[[ RECORDS TO PROCESS open ]]

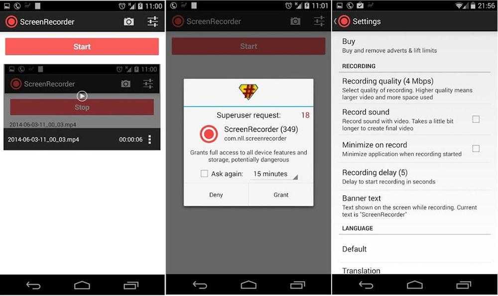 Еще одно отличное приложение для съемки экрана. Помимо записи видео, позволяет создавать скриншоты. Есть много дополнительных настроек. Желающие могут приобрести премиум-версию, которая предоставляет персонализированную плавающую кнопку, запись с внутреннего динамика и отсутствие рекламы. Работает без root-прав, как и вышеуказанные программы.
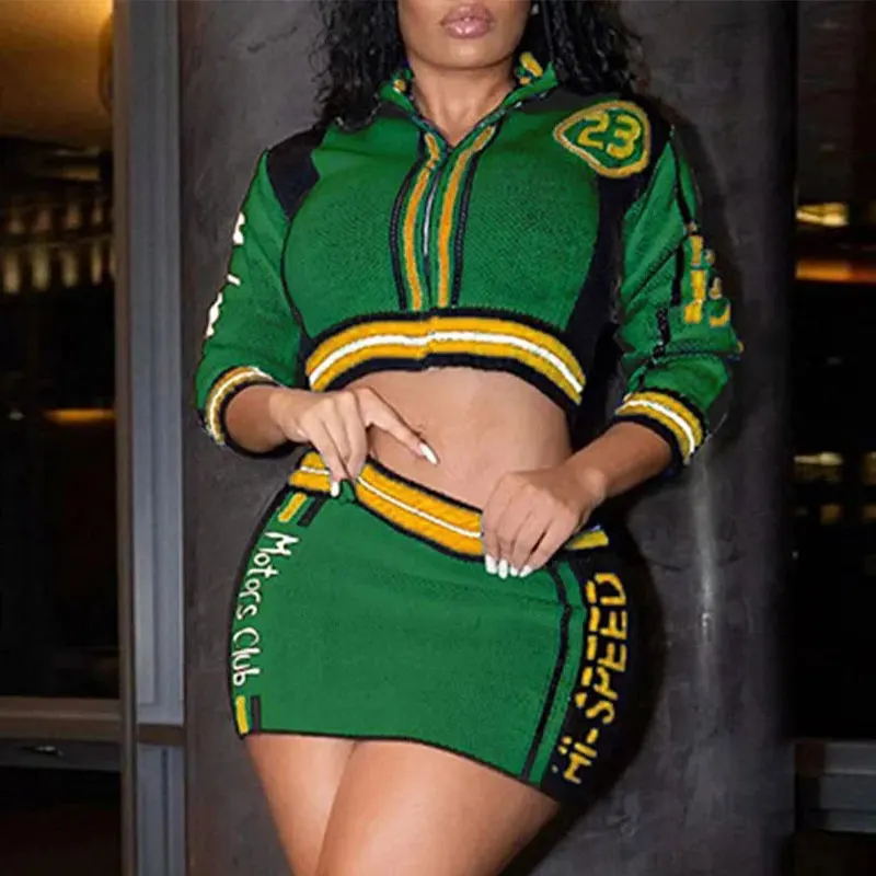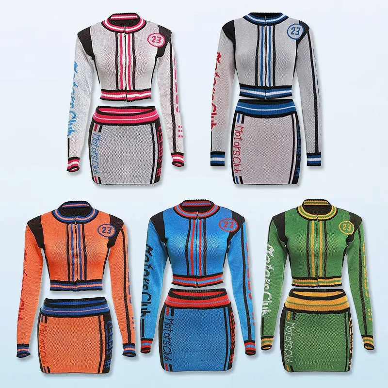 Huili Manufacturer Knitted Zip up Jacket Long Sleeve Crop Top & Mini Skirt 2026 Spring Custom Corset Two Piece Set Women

[[ RECORDS TO PROCESS closed ]]
[[ RECORDS TO PROCESS open ]]

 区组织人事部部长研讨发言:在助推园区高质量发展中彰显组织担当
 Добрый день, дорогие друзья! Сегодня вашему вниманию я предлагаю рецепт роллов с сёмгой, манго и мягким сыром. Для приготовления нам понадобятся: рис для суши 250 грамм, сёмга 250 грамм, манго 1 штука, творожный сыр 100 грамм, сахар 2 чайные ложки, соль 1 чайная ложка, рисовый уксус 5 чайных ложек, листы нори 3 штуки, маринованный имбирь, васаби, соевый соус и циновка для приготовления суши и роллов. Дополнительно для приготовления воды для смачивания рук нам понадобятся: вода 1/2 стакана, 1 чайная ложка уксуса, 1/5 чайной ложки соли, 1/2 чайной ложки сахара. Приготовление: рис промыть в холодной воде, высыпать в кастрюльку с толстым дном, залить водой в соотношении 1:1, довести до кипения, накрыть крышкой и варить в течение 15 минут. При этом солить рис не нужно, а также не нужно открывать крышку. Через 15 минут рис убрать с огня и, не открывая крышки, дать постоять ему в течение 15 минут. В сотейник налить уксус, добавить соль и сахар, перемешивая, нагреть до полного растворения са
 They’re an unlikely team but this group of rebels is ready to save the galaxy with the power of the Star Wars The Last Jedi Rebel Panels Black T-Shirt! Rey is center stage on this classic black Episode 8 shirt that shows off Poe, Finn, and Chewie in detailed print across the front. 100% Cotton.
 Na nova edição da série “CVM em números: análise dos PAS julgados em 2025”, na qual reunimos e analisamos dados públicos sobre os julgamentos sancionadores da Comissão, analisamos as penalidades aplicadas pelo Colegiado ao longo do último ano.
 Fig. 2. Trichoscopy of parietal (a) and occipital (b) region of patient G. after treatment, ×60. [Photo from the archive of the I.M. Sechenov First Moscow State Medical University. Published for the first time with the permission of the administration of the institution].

[[ RECORDS TO PROCESS closed ]]
[[ RECORDS TO PROCESS open ]]

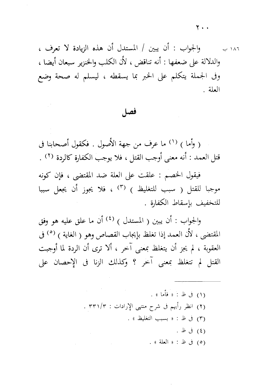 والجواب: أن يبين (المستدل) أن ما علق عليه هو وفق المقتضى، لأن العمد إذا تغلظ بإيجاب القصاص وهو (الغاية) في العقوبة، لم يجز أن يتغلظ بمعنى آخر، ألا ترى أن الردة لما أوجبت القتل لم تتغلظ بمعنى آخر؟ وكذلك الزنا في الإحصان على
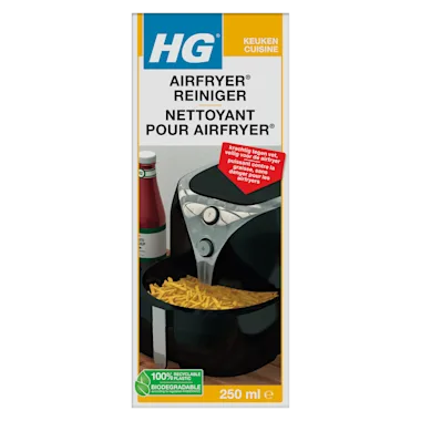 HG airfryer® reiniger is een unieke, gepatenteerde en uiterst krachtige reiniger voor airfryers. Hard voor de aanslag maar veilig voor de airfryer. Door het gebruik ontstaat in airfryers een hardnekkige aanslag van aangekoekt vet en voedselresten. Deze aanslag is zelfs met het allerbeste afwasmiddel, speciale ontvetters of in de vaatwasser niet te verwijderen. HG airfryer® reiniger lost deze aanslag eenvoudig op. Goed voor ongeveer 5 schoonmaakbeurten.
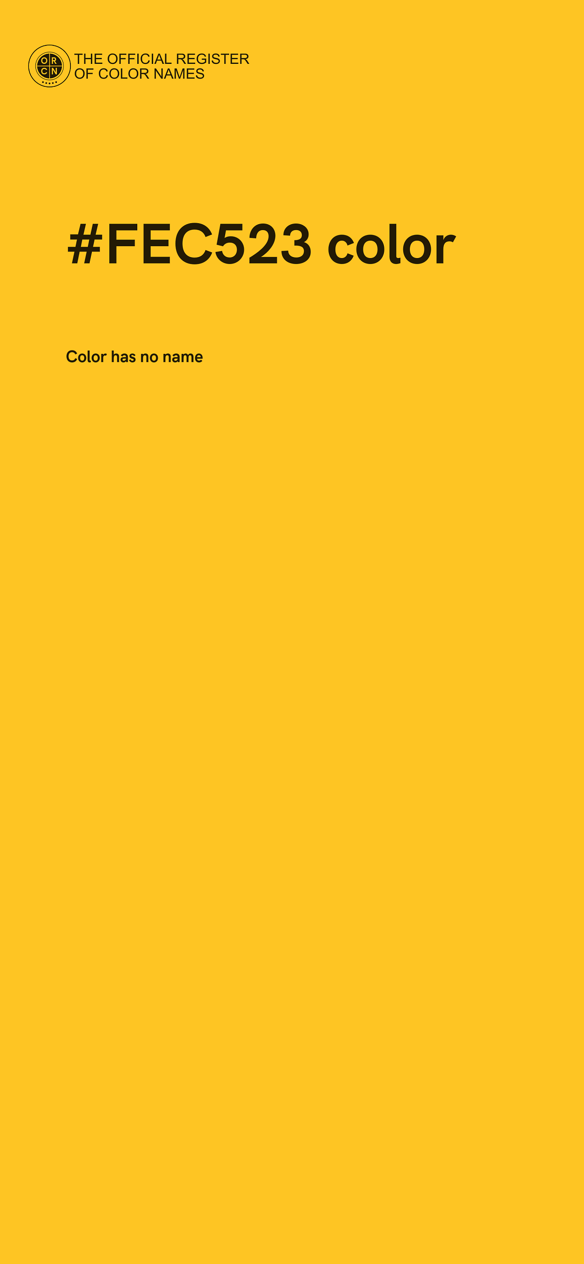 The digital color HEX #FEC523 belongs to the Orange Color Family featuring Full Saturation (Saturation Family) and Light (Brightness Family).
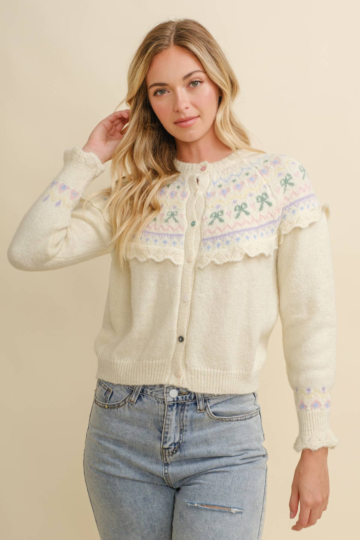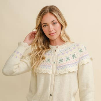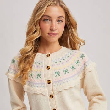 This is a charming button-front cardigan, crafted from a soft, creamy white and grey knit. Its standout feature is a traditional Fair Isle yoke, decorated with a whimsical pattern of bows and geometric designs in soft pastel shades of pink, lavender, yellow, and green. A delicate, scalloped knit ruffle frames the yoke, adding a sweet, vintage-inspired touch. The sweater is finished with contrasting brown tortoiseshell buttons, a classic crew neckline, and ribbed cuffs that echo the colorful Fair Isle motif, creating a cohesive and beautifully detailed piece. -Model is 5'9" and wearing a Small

[[ RECORDS TO PROCESS closed ]]

* _REQUIRED ACTION_: Although pictures appear among the records above, write out exactly only the lines from the one that has "Еще одно отличное" through the one that has "Huili Manufacturer Knitted", and leave the pictures out.

* _RESPONSE TO THIS EXERCISE_:
 Еще одно отличное приложение для съемки экрана. Помимо записи видео, позволяет создавать скриншоты. Есть много дополнительных настроек. Желающие могут приобрести премиум-версию, которая предоставляет персонализированную плавающую кнопку, запись с внутреннего динамика и отсутствие рекламы. Работает без root-прав, как и вышеуказанные программы.
 Huili Manufacturer Knitted Zip up Jacket Long Sleeve Crop Top & Mini Skirt 2026 Spring Custom Corset Two Piece Set Women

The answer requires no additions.